In this section, we're going to take a step back to learn some of the basics of the math that powers the most popular machine learning models. You may not need deep knowledge of linear algebra and calculus just to build a scikit-learn model, but this introduction should give you a better understanding of how your models are working "under the hood".
Linear Algebra is so foundational to machine learning that you're going to see it referenced many times as the course progresses. In this section, the goal is to give you both a theoretical introduction and some computational practice, solving a real-life problem by writing the code required to solve a linear regression using OLS.
We're going to kick this section off by looking at some of the many places that linear algebra is used in machine learning - from deep learning to natural language processing (NLP) to dimensionality reduction techniques such as principal component analysis (PCA).
We then start to dig into the math! We look at the idea of linear simultaneous equations - a set of two or more equations each of which is linear (can be plotted on a graph as a straight line).

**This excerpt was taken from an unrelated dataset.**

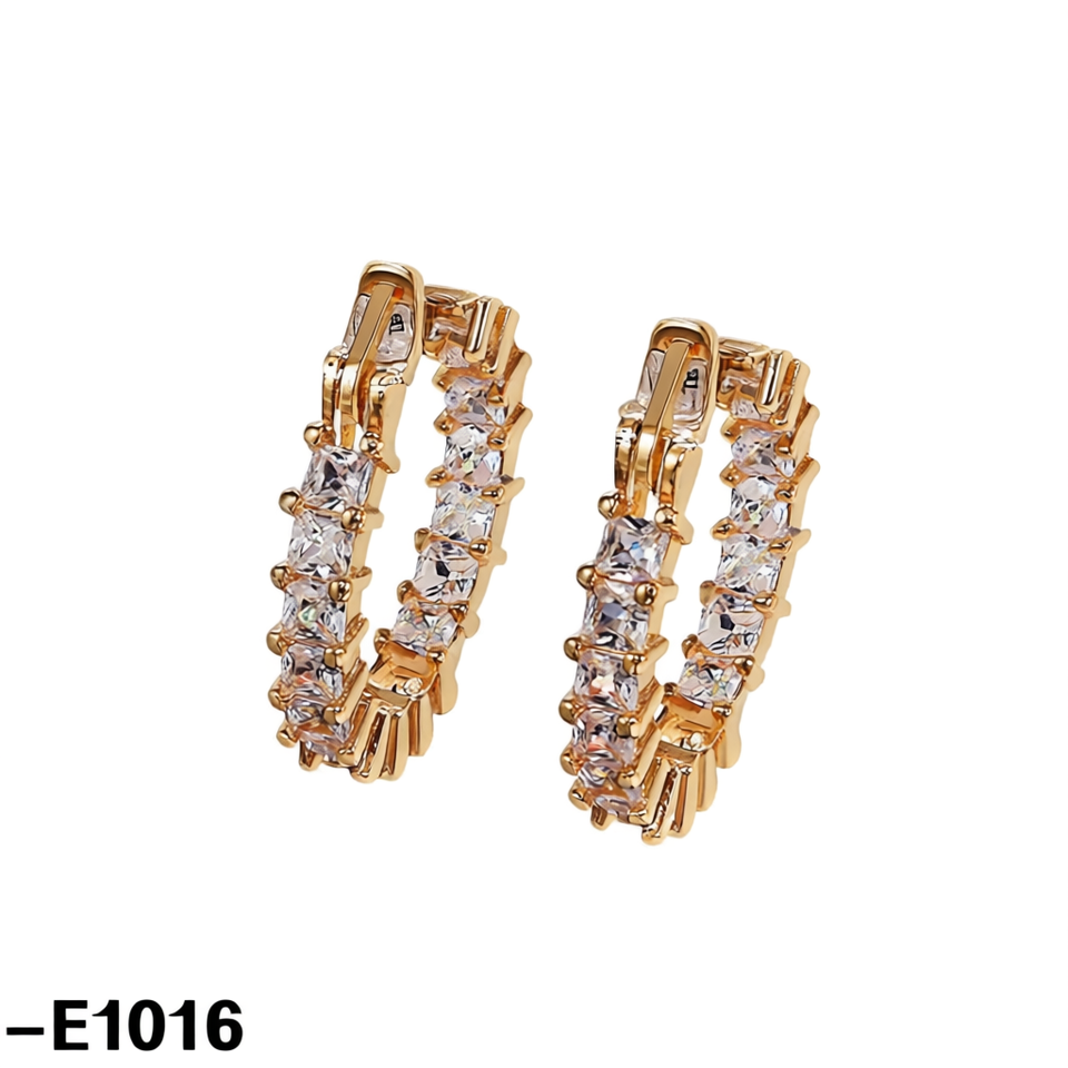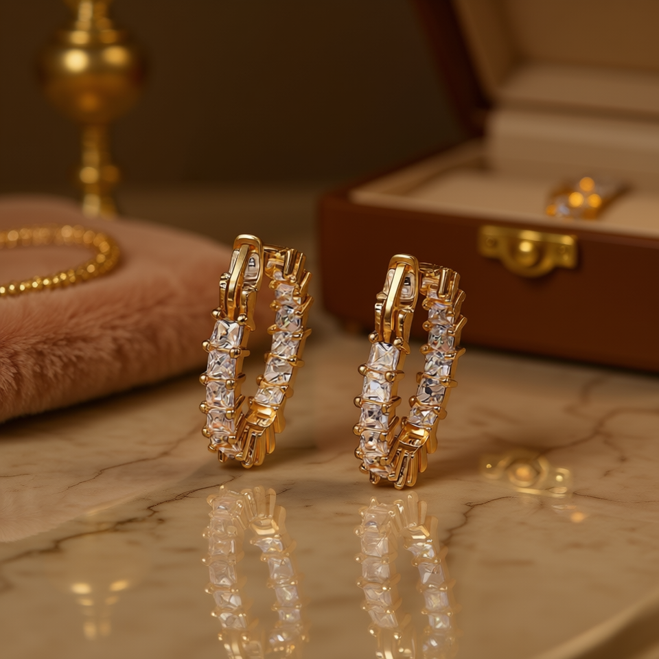 Luxury Women's 18K Gold Filled Hoop Earrings With Crystal Rhinestone Channel Setting For Everyday Wear E1016

We then see how such equations can be represented as vectors or matrices to represent such systems efficiently.
In a code along, we'll introduce the concepts and concrete representations (in NumPy) of scalars, vectors, matrices, and tensors - why they are important and how to create them.
We then start to build up the basic skills required to perform matrix operations such as addition and multiplication. You will also cover key techniques used by many machine learning models to perform their calculations covering both the Hadamard product and the (more common) dot product.
We then bring the previous work together to look at how to use NumPy to solve systems of linear equations, introducing the identity and inverse matrices along the way.
Having built up a basic mathematical and computational foundation for linear algebra, you will solve a real data problem - looking at how to use NumPy to solve a linear regression using the ordinary least squares (OLS) method.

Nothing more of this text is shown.